Exception – For any other exceptions that occur during DataFrame creation or file operations.

bibcat.llm.stats.save_operation_stats(input_path: str | Path, output_path: str | Path, threshold_acceptance: float, threshold_inspection: float)[source]#

Generate acceptance and inspection statistics from operational classifications

This function performs the following actions:
  • Creates a statistics file containing:
    • Accepted LLM Classifications: Number of papers with classifications accepted by the LLM based on a specified threshold value for each combination of mission and paper type.

    • Human Inspection Requirements: Number of papers requiring human inspection

    • Accepted Bibcodes: Bibcodes corresponding to the accepted classifications.

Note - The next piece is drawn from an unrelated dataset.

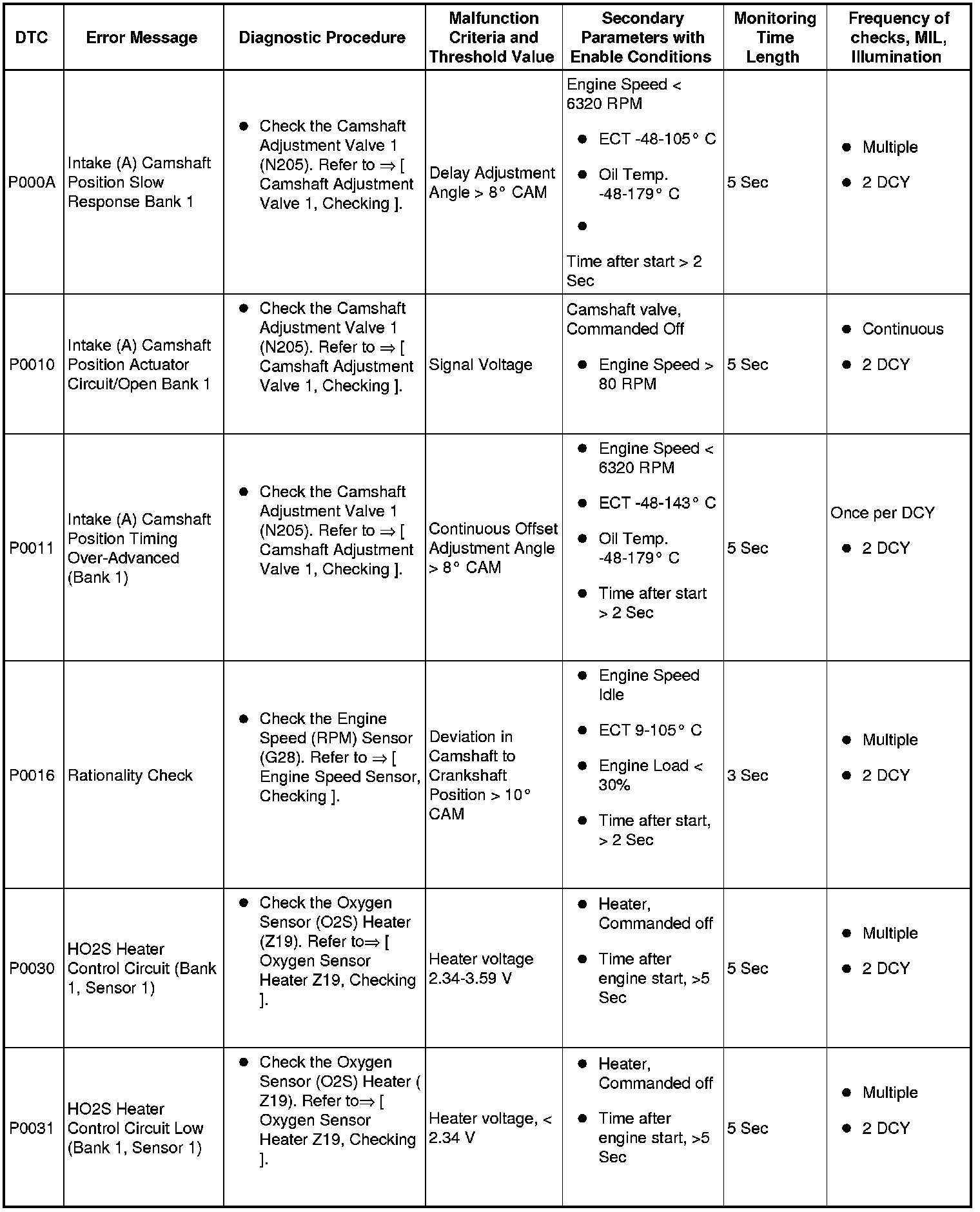 For additional monitor strategy information. Refer to the => Bosch Motronic MED 7.1.1 OBD System Strategy document.
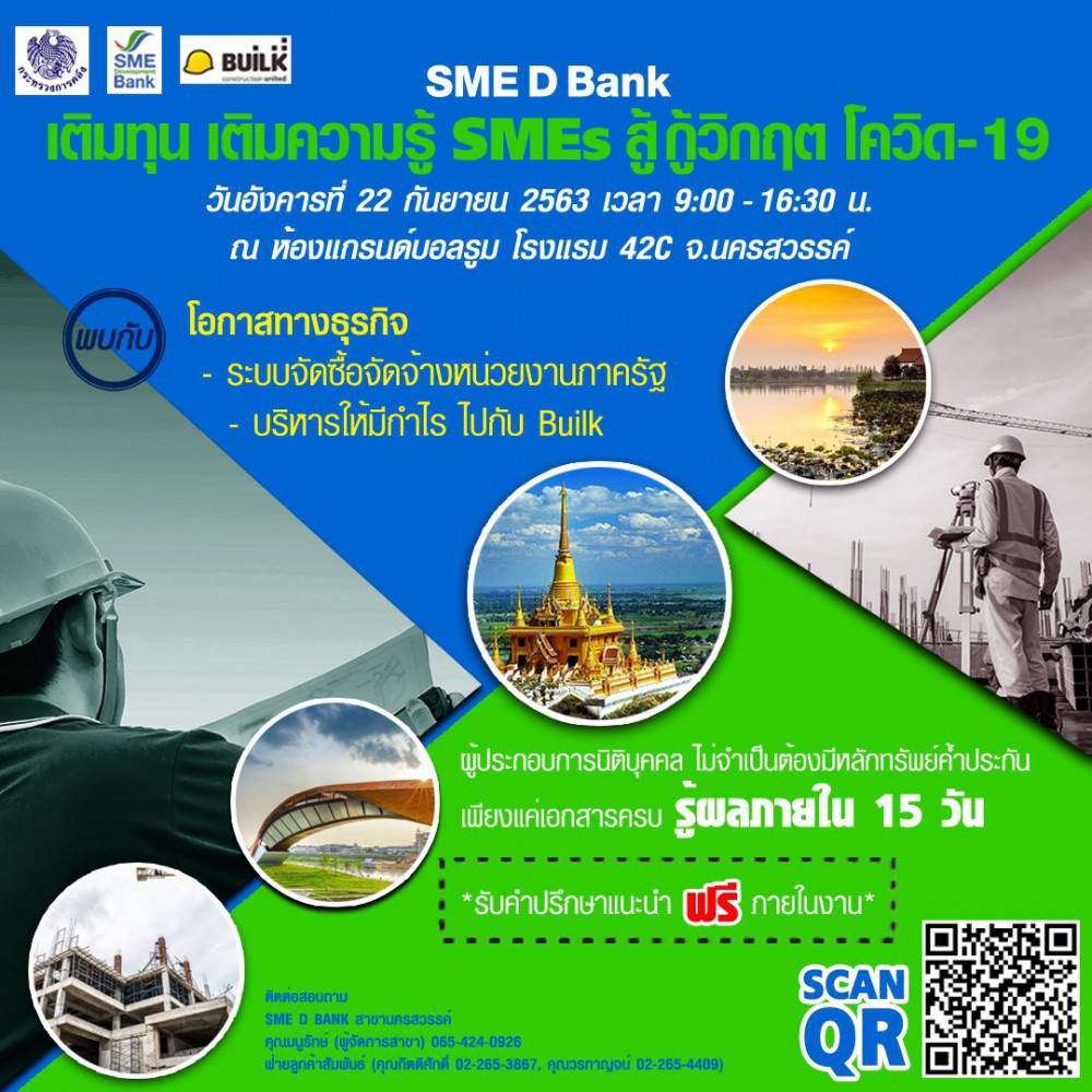 ธนาคารพัฒนาวิสาหกิจขนาดกลางและขนาดย่อมแห่งประเทศไทย (ธพว.) หรือ SME D Bank พร้อมเคียงข้างเอสเอ็มอีไทย เดินหน้าธุรกิจอย่างมั่นคงและยั่งยืน ร่วมกับ Builk One Group Co., Ltd. ผู้ให้บริการแพลตฟอร์มออนไลน์ สำหรับบริหารธุรกิจก่อสร้าง จัดกิจกรรม “SME D Bank เติมทุน เติมความรู้ SMEs สู้ กู้วิกฤตโควิด-19” ในวันที่ 22 กันยายน 2563 ตั้งแต่เวลา 09.00-16.30 น. ณ ห้องแกรนด์บอลรูม โรงแรม 42C จังหวัดนครสวรรค์

    • Inspection-Required Bibcodes: Bibcodes that need human inspection due to ambiguous confidence values.

Parameters:
  • input_path (str | pathlib.Path) – Input paper_output filename/path for statistics

  • output_path (str | pathlib.Path) – File name/path to save the JSON file

  • threshold_acceptance (float) – Threshold value to accept LLM papertype

  • threshold_inspection (float) – Threshold value to filter papers required for human inspection

Return type:

None

Raises:

Exception – For any other exceptions that occur during DataFrame creation or file operations.

bibcat.llm.stats.write_stats(output_path, threshold_acceptance, threshold_inspection, grouped_df)[source]#

Write the satistics into a JSON file.

Parameters:
  • output_path (pathlib.Path) – Filename path to save the stats results.

  • threshold_acceptance (float) – Threshold value to accept LLM papertype.

  • threshold_inspection (float) – Threshold value to filter papers required for human inspection.

  • grouped_df (pd.DataFrame) – Grouped DataFrame

Return type:

None

Module contents#

This module contains the scripts for LLM classification.